I've seen first hand validation on massive workloads moving to Graviton based instances. This includes low latency high TPS java services and offline big data compute on EMR.

All combined the hype is quite real. Heck, even moving an intel based service to newer nitro based EC2 instances resulted in a drastic performance improvement. Moved from m5.24xlarge --> m6g.8xlarge with better service performance and improved latency characteristics. Intel is in trouble in my opinion.

rozenmd|3 years ago

OnlineOrNot (my company) saved about 30% moving DBs from Intel to ARM, so it sounds legit

AdamJacobMuller|3 years ago

1.7 million may be a lot or may be a tiny drop depending on your overall (like for like) spend. The % saved is the important metric here not the aggregate dollar amount.

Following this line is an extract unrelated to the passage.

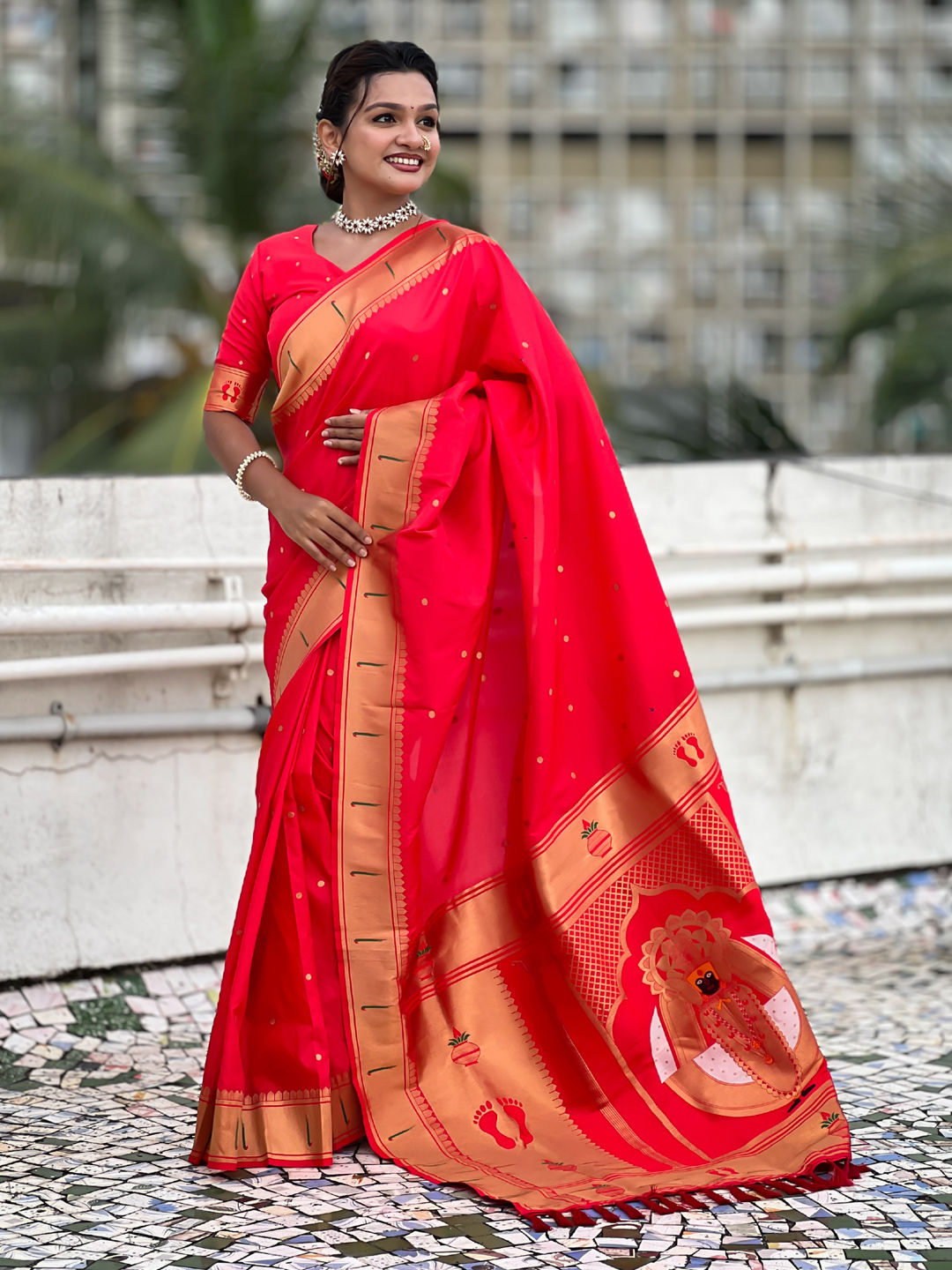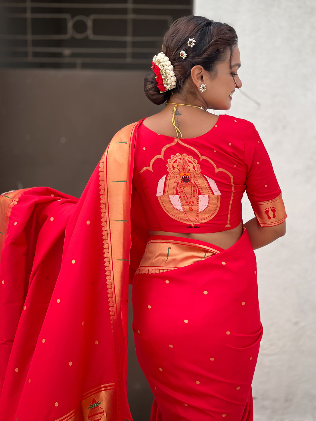 in Red and Maroon with Weaving work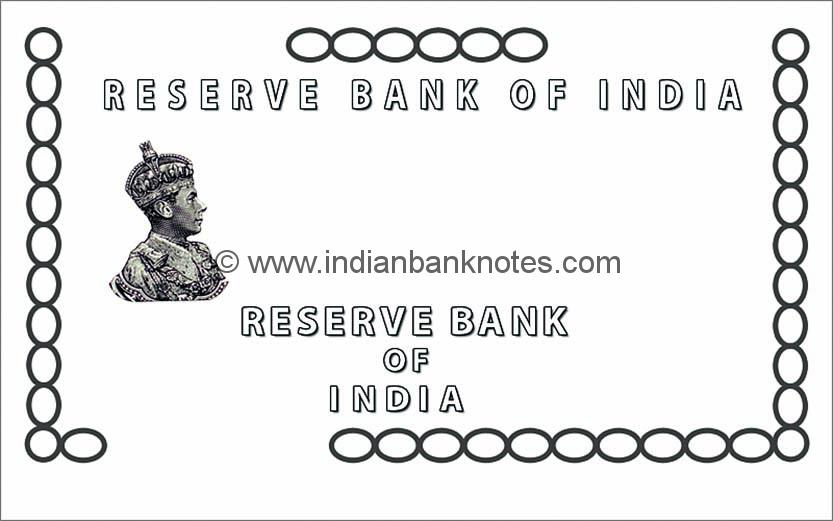 Profile portrait of King George VI facing right. RESERVE BANK OF INDIA above portrait, and RESERVE BANK / OF / INDIA in three lines below it. Six links on top, ten links below connected to the eleven vertical links on the right and one link below connected to the eleven vertical links to the left.

Did you replace 5m of EC2 with 3.3m of EC2 and save 1.7m (impressive) or did you replace 50m of EC2 with 48.3m of EC2 (not really so impressive)?

redundantly|3 years ago

> or did you replace 50m of EC2 with 48.3m of EC2 (not really so impressive)?

I'm failing to comprehend how that's not impressive. Bean counters would still love this type of savings.

eugenekolo|3 years ago

I'd say exact value versus % can be more meaningful in many non-billion+ companies.

Understanding you saved $1M/yr means you're closer to profitability (I understand in the VC world all you really care about is % growth, but that's up for debate if that's how everything should be) or able to hire more engineers.